— Task input —
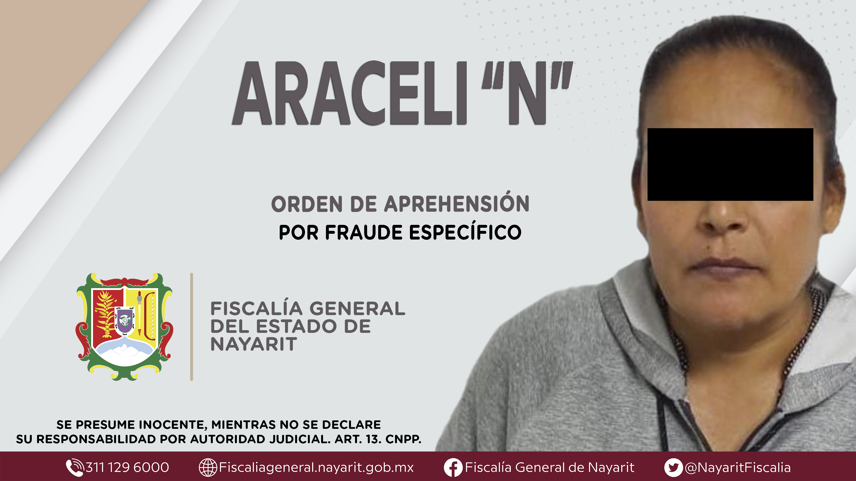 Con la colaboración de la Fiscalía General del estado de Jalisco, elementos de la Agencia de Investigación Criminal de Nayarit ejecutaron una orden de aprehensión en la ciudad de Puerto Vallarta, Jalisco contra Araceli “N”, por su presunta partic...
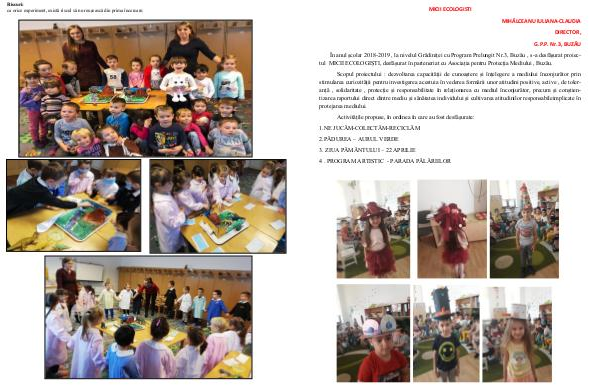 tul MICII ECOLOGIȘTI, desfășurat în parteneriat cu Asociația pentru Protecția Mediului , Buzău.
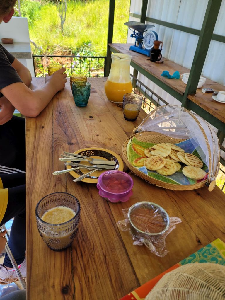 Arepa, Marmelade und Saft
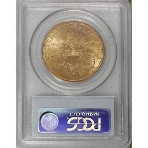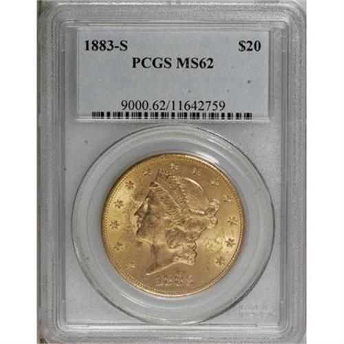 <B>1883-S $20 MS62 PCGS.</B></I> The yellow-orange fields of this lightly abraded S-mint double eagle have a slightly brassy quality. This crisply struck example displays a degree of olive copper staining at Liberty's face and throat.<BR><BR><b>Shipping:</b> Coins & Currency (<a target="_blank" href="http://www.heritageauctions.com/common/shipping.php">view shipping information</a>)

* * *

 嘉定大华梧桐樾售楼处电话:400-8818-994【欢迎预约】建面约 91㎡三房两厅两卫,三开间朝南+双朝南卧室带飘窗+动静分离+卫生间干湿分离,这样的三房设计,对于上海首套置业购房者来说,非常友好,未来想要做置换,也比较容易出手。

--

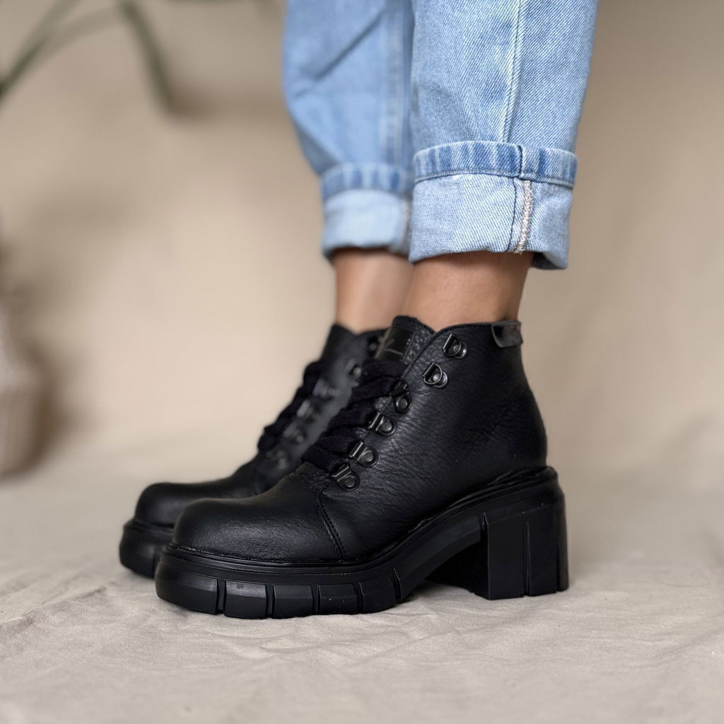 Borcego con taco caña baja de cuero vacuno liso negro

— Task instructions —
Because only one stretch of the records is wanted, please output the lines from the one holding "Con la colaboración" through the one holding "<B>1883-S $20 MS62" exactly, both included, and leave every picture out.

— Expected output —
 Con la colaboración de la Fiscalía General del estado de Jalisco, elementos de la Agencia de Investigación Criminal de Nayarit ejecutaron una orden de aprehensión en la ciudad de Puerto Vallarta, Jalisco contra Araceli “N”, por su presunta partic...
 tul MICII ECOLOGIȘTI, desfășurat în parteneriat cu Asociația pentru Protecția Mediului , Buzău.
 Arepa, Marmelade und Saft
 <B>1883-S $20 MS62 PCGS.</B></I> The yellow-orange fields of this lightly abraded S-mint double eagle have a slightly brassy quality. This crisply struck example displays a degree of olive copper staining at Liberty's face and throat.<BR><BR><b>Shipping:</b> Coins & Currency (<a target="_blank" href="http://www.heritageauctions.com/common/shipping.php">view shipping information</a>)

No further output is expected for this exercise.